- **AIM OF THE TASK**:
From the first line of the data below through the line bearing "সৌদি আরবে নিযুক্ত", reproduce each line exactly; do not include pictures.

++++ DATASET ENTRIES

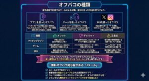主な種類としては、アプリ、ゲーム、SNSなどを利用したものがあげられます!
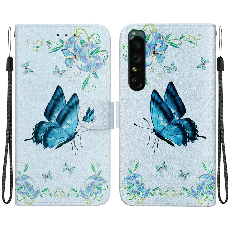 Estuche para Sony Xperia 1 III de Cuero con Dibujo Coloreado y Textura de Cristal (Azul)
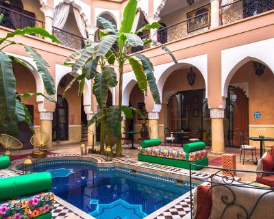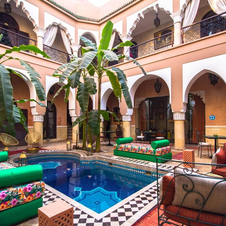 Situé dans le quartier Zaouia El Abbasia de Marrakech, ce riad dispose d'un hammam et d'une piscine entourée de palmiers. Vous pourrez prendre un thé à la menthe dans la tente berbère située sur le toit-terrasse.
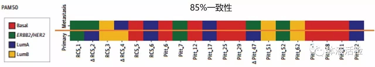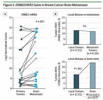 本着悬念要层层展开的理念,研究人员先进行了一番欲扬先抑的结果展示。 图1 原发灶与脑转移灶中固有分子亚型情况 铺垫部分就告一段落了,下面进入传说中的神转折部分。 图2 具有临床意义的10个基因在BrM患者中的表达变化 图3 局部乳腺癌、转移性乳腺癌、脑转移乳腺癌患者ERBB2/HER2表达水平差异 种种现象说明,乳腺癌向脑部转移确实是有迹可循的,HER2表达上调是脑转移的一种潜在标志物。如何利用这一现象为患者提供临床收益?第一,更早地发现转移风险;第二,对症下药。循环肿瘤细胞(circulating tumor cell, CTC)具备兼顾这两个应用点的潜力,已有研究显示转移性乳腺癌患者其原发灶、CTC、转移灶HER2表达状态不同,即便原发灶HER2-,但CTC HER2+的患者仍可从靶向治疗中获益。另一篇推送中也提到过CTC发展为脑转移的一系列分子层面的变化,因此CTC或可用于及早发现转移风险。 相关推送链接:预测乳腺癌脑转移,CTC又立功 参考文献:Priedigkeit, N, et al. "Intrinsic Subtype Switching and Acquired ERBB2/HER2 Amplifications and Mutations in Breast Cancer Brain Metastases." Jama Oncology 3.5(2017):666. |
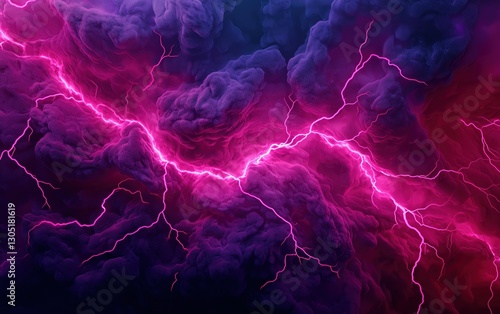 © Ai Stock Lab, Obraz premium A striking display of purple lightning illuminating dark storm clouds.
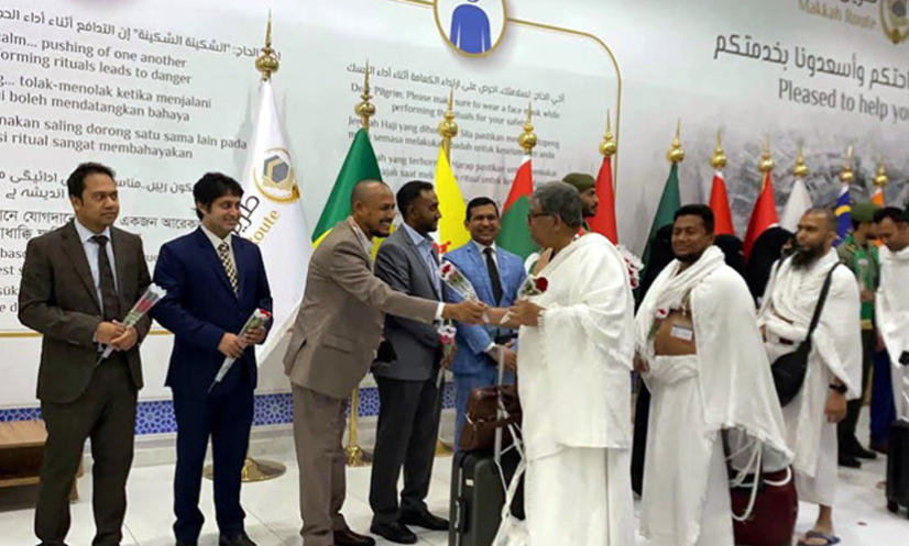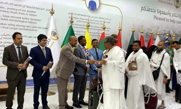সৌদি আরবে নিযুক্ত বাংলাদেশের রাষ্ট্রদূত মো. দেলওয়ার হোসেন ও কাউন্সিলর (হজ) মো. কামরুল ইসলাম বিমানবন্দরে বাংলাদেশি হজযাত্রীদের অভ্যর্থনা জানান। এ সময় হজযাত্রীদের ফুল দিয়ে শুভেচ্ছা জানানো হয় এবং তাদের হাতে রিফ্রেশমেন্ট কিট তুলে দেওয়া হয়।
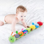 Perfect for tummy time sessions, this caterpillar encourages babies to reach, grab, and develop crucial motor skills. The musical elements create auditory interest whilst bright colours support visual tracking abilities. Machine washable construction ensures hygiene maintenance, and the portable size makes it ideal for prams, car seats, and travel entertainment throughout baby’s first year.

++++++++

- **EXPECTED OUTPUT**:
主な種類としては、アプリ、ゲーム、SNSなどを利用したものがあげられます!
 Estuche para Sony Xperia 1 III de Cuero con Dibujo Coloreado y Textura de Cristal (Azul)
 Situé dans le quartier Zaouia El Abbasia de Marrakech, ce riad dispose d'un hammam et d'une piscine entourée de palmiers. Vous pourrez prendre un thé à la menthe dans la tente berbère située sur le toit-terrasse.
 本着悬念要层层展开的理念,研究人员先进行了一番欲扬先抑的结果展示。 图1 原发灶与脑转移灶中固有分子亚型情况 铺垫部分就告一段落了,下面进入传说中的神转折部分。 图2 具有临床意义的10个基因在BrM患者中的表达变化 图3 局部乳腺癌、转移性乳腺癌、脑转移乳腺癌患者ERBB2/HER2表达水平差异 种种现象说明,乳腺癌向脑部转移确实是有迹可循的,HER2表达上调是脑转移的一种潜在标志物。如何利用这一现象为患者提供临床收益?第一,更早地发现转移风险;第二,对症下药。循环肿瘤细胞(circulating tumor cell, CTC)具备兼顾这两个应用点的潜力,已有研究显示转移性乳腺癌患者其原发灶、CTC、转移灶HER2表达状态不同,即便原发灶HER2-,但CTC HER2+的患者仍可从靶向治疗中获益。另一篇推送中也提到过CTC发展为脑转移的一系列分子层面的变化,因此CTC或可用于及早发现转移风险。 相关推送链接:预测乳腺癌脑转移,CTC又立功 参考文献:Priedigkeit, N, et al. "Intrinsic Subtype Switching and Acquired ERBB2/HER2 Amplifications and Mutations in Breast Cancer Brain Metastases." Jama Oncology 3.5(2017):666. |
 © Ai Stock Lab, Obraz premium A striking display of purple lightning illuminating dark storm clouds.
সৌদি আরবে নিযুক্ত বাংলাদেশের রাষ্ট্রদূত মো. দেলওয়ার হোসেন ও কাউন্সিলর (হজ) মো. কামরুল ইসলাম বিমানবন্দরে বাংলাদেশি হজযাত্রীদের অভ্যর্থনা জানান। এ সময় হজযাত্রীদের ফুল দিয়ে শুভেচ্ছা জানানো হয় এবং তাদের হাতে রিফ্রেশমেন্ট কিট তুলে দেওয়া হয়।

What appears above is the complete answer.